* _ABOUT THIS EXERCISE_: With every picture left out, give the data below back exactly.

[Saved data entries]
■ ■ ■ ■ ■

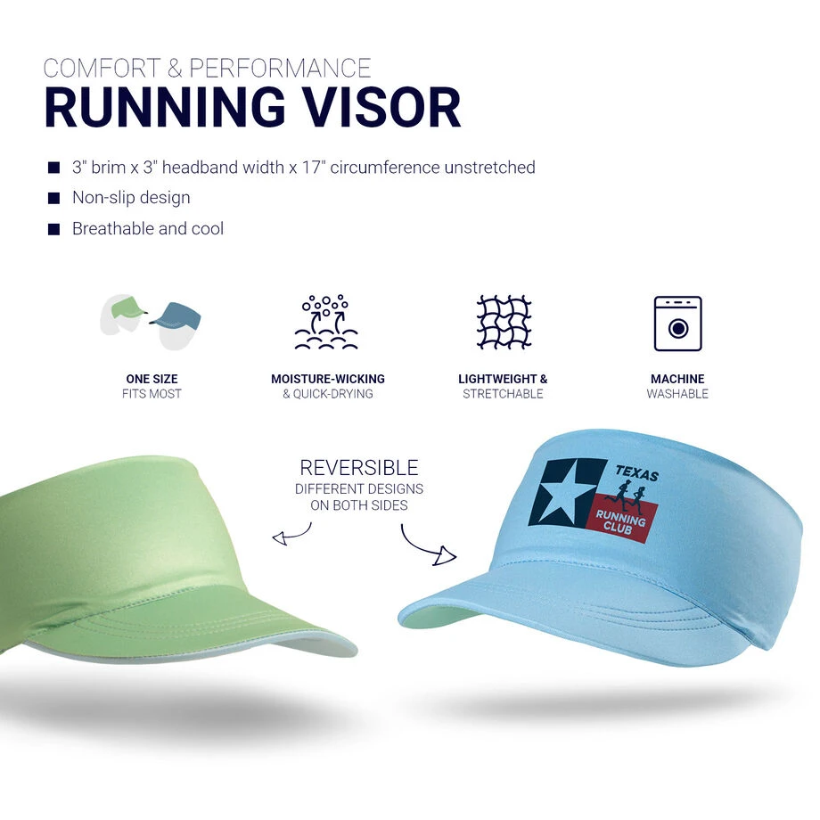 This running performance visor is fully customizable with your choice of logo. Whether it’s your running club or any other logo, show off your personalized visor on your runs and daily errands. Our lightweight visor features a wide brim and stretchable band for all-day comfort. The breathable and moisture-wicking material keeps you cool and dry during any activity. This foldable and packable visor is also reversible, offering your chosen logo printed on one side and a unique solid color on the other for more of a subtle look. Keep the sun, hair, and sweat off your face while showing off your runner pride in our customizable visor for runners and athletes.
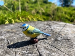 Denne præcist udarbejdede blåmejsefigur gengiver trofast farver og former hos den populære sangfugl. Hvert stykke er håndmalet for at fremhæve den autentiske fjertekstur og realistiske blå og gule nuancer. Den egner sig perfekt som pædagogisk hjælpemiddel til at lære om naturen, som unik interiørdekoration og som del af en samling.
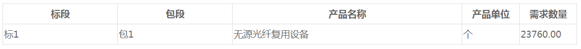 標(biāo)包1/標(biāo)段1名稱:安徽移動(dòng)2018-2020年度無(wú)源光纖擴(kuò)展設(shè)備選型采購(gòu)
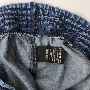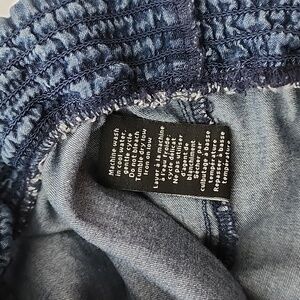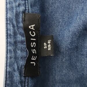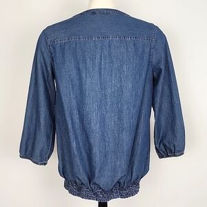 Excellent pre-owned condition, Jessica dark denim 100% cotton pullover top with 3/4 length sleeves and elasticized bottom hem, size Small / 8.
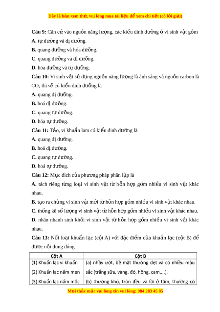 Đây là bản xem th , vu ử i lòng mua tài li u ệ đ xe ể m chi ti t ế (có l i ờ gi i ả ) Câu 9: Căn c vào ngu ứ ồn năng lư ng, ợ các ki u di ể nh dư ng ỡ vi ở sinh v t ậ g m ồ A. t d ự ư ng và d ỡ i dư ng. ỡ B. quang dư ng ỡ và hóa dư ng. ỡ C. quang dư ng và d ỡ i dư ng. ỡ D. hóa dư ng và t ỡ d ự ư ng. ỡ Câu 10: Vi sinh v t ậ s ư d ng u ngu n ồ năng lư ng
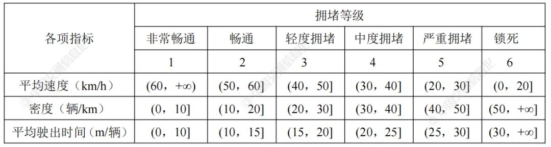 美國(guó)交通研究委員會(huì)發(fā)行的《道路通信能力手冊(cè)》[15]中將交通擁堵狀態(tài)分為六個(gè)等級(jí):1非常暢通、2暢通、3輕度擁堵、4中度擁堵、5嚴(yán)重?fù)矶隆?鎖死,數(shù)值越高表明交通擁堵情況越嚴(yán)重。結(jié)合本文具有的道路數(shù)據(jù)資源,確定3個(gè)因素指標(biāo)對(duì)應(yīng)交通擁堵狀態(tài)的取值范圍,如表2所示。

■ ■ ■ ■ ■

* _RESPONSE AREA_:
 This running performance visor is fully customizable with your choice of logo. Whether it’s your running club or any other logo, show off your personalized visor on your runs and daily errands. Our lightweight visor features a wide brim and stretchable band for all-day comfort. The breathable and moisture-wicking material keeps you cool and dry during any activity. This foldable and packable visor is also reversible, offering your chosen logo printed on one side and a unique solid color on the other for more of a subtle look. Keep the sun, hair, and sweat off your face while showing off your runner pride in our customizable visor for runners and athletes.
 Denne præcist udarbejdede blåmejsefigur gengiver trofast farver og former hos den populære sangfugl. Hvert stykke er håndmalet for at fremhæve den autentiske fjertekstur og realistiske blå og gule nuancer. Den egner sig perfekt som pædagogisk hjælpemiddel til at lære om naturen, som unik interiørdekoration og som del af en samling.
 標(biāo)包1/標(biāo)段1名稱:安徽移動(dòng)2018-2020年度無(wú)源光纖擴(kuò)展設(shè)備選型采購(gòu)
 Excellent pre-owned condition, Jessica dark denim 100% cotton pullover top with 3/4 length sleeves and elasticized bottom hem, size Small / 8.
 Đây là bản xem th , vu ử i lòng mua tài li u ệ đ xe ể m chi ti t ế (có l i ờ gi i ả ) Câu 9: Căn c vào ngu ứ ồn năng lư ng, ợ các ki u di ể nh dư ng ỡ vi ở sinh v t ậ g m ồ A. t d ự ư ng và d ỡ i dư ng. ỡ B. quang dư ng ỡ và hóa dư ng. ỡ C. quang dư ng và d ỡ i dư ng. ỡ D. hóa dư ng và t ỡ d ự ư ng. ỡ Câu 10: Vi sinh v t ậ s ư d ng u ngu n ồ năng lư ng
 美國(guó)交通研究委員會(huì)發(fā)行的《道路通信能力手冊(cè)》[15]中將交通擁堵狀態(tài)分為六個(gè)等級(jí):1非常暢通、2暢通、3輕度擁堵、4中度擁堵、5嚴(yán)重?fù)矶隆?鎖死,數(shù)值越高表明交通擁堵情況越嚴(yán)重。結(jié)合本文具有的道路數(shù)據(jù)資源,確定3個(gè)因素指標(biāo)對(duì)應(yīng)交通擁堵狀態(tài)的取值范圍,如表2所示。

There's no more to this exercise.